The restaurant’s other owner, Sam Lambrou, is more blunt about how badly he thinks Crisfield needs a ferry.

“You can’t even get a cup of coffee after 5.” he said. “It’s pretty much a dead town.”

Not all are convinced the ferry is a good idea. At a town planning meeting to discuss yet another ferry proposal, Mayor Percy Purnell questioned businessmen who pitched the ferry.

“I got concerns, guys,” he told the ferry committee after he was asked to lend the town’s name to an environmental study. Mr. Purnell said just days before that Northumberland County officials voted to reject investing in the ferry.

He also said Crisfield’s entire budget is $3 million a year.

Growth is no small worry for Mr.
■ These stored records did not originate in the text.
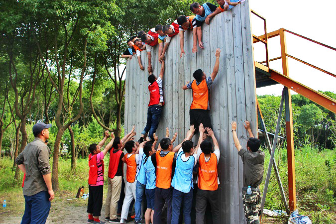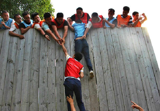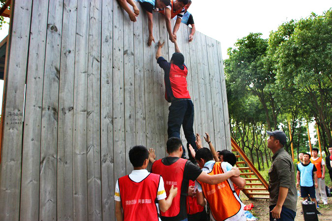 最后一个挑战是集体翻越一座4.2米的高墙,也叫毕业墙。很艰难,也充满了挑战。翻越这座墙也就像我们团队奋斗的缩影。在一个团队里,总有些人充当着我们的垫脚石,他们默默无闻,即使身上被踩满了血痕,却还是义无反顾的把我们向上举,我们甚至还来不及看清他们的长相;也要感谢我们上面的伙伴,在我们最无助、最危险的时候,拉了我们一把;更加要感激我们自己,只有自己的向上奋斗的决心和勇气,才能让我们能站在成功的高台上。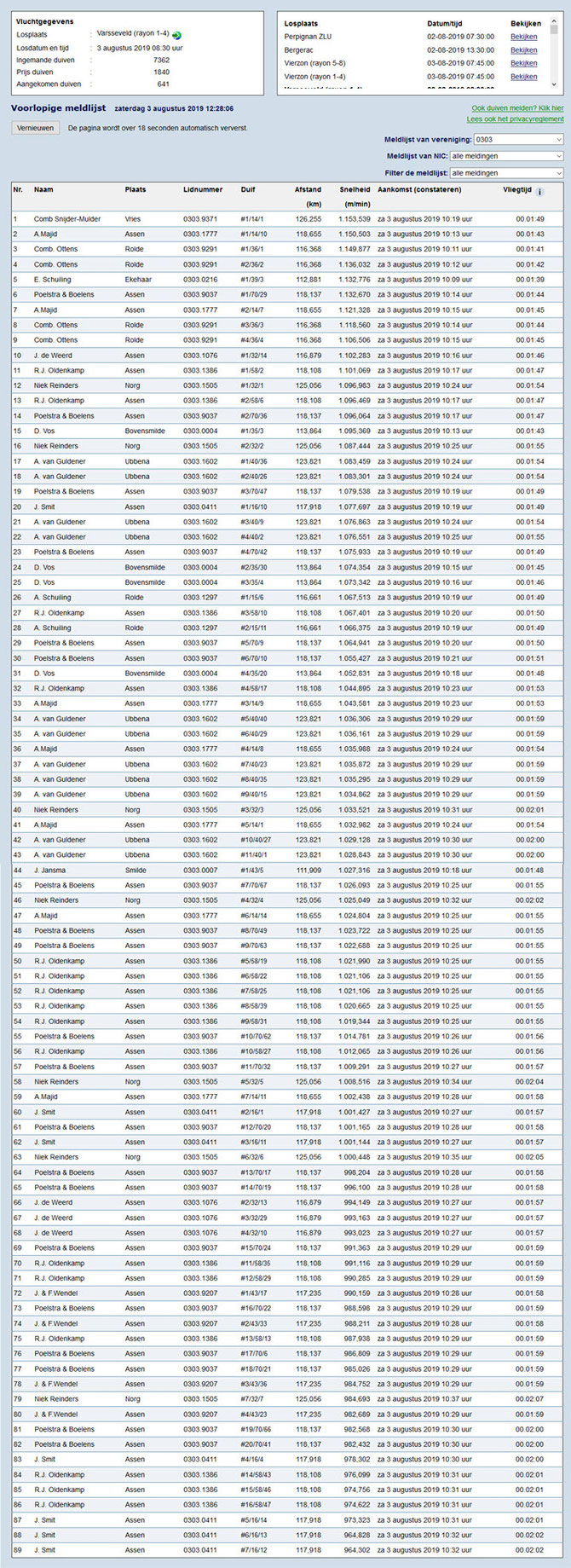 De 1e duif viel dus bij de Comb Snijder Mulder om 10.19.27 u met een snelheid van 1153,539 m/min. De laatste prijsduif viel om 10.31.34 u bij Jan Kamminga met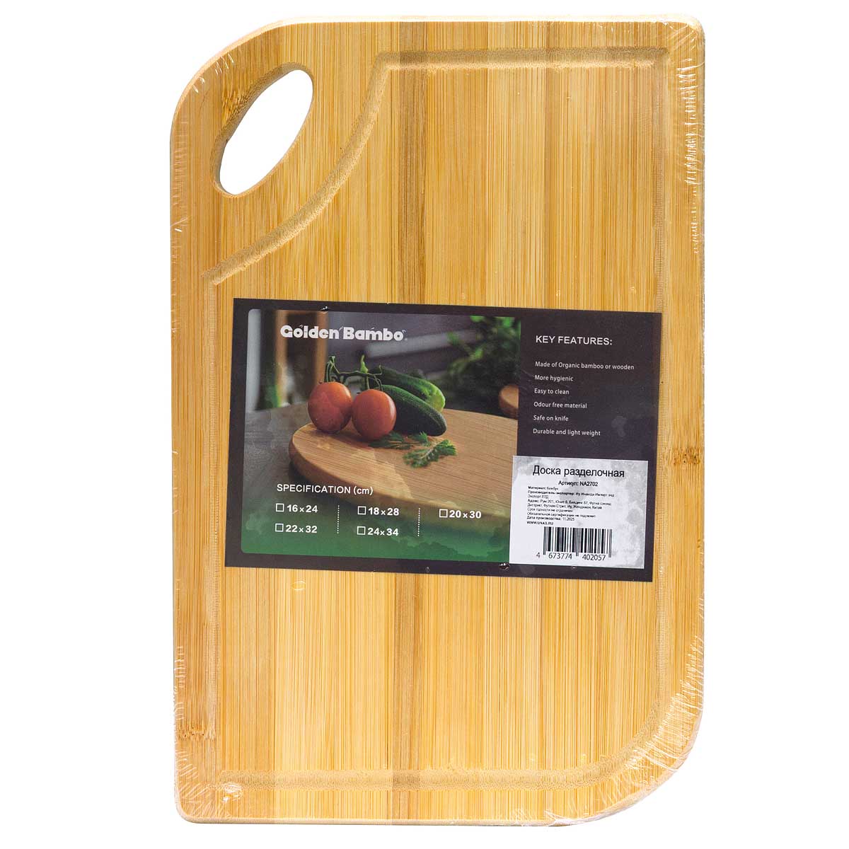 Бамбук - экологичный, долговечный, антисептический, материал. За счет этого разделочная доска обладает высокой прочностью, устойчива к влаге, механическим повреждениям, надолго сохранит лезвие ножа острым. Материал не выделяет вредных веществ и абсолютно безопасен для здоровья. Доска прочная и практичная: не займет много места на вашей кухне, но при этом доска легкая и портативная.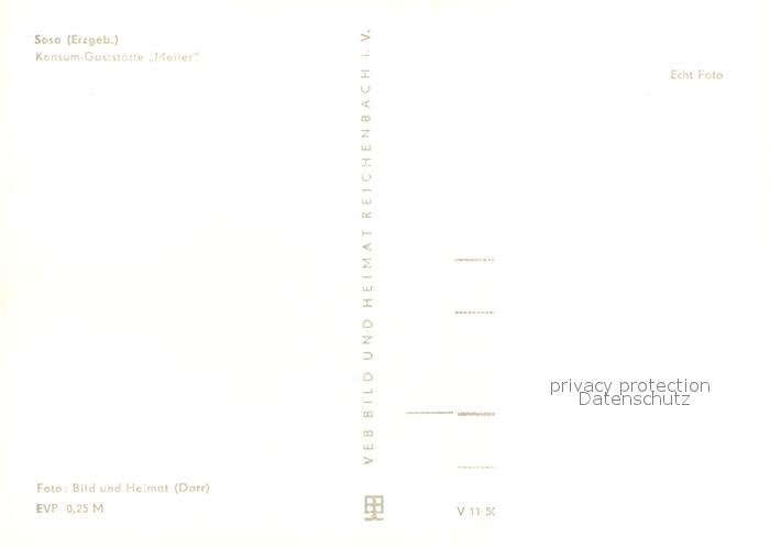 72937640 Sosa Erzgebirge Konsum Gaststaette Meiler postalisch nicht gelaufen Erhaltung siehe scans [NatalD47] KatCode: 11110014191310

Purnell. He was elected in June, over a 16-year incumbent, largely because of voter unrest about future waterfront development.

Members of the town council were concerned, too. The ferry would stop on an abandoned dock behind a shuttered seafood processor, now fenced off and rusting. It’s not clear how much the city would have to pay for the ferry and a new terminal.

“I need to have a lot more information than I have,” Councilman Kimberly Lawson said.

Similar fears arose in Northumberland County, where county officials voted Sept. 14 not to commit more local taxes to a ferry, said county Administrator Kenneth Eades.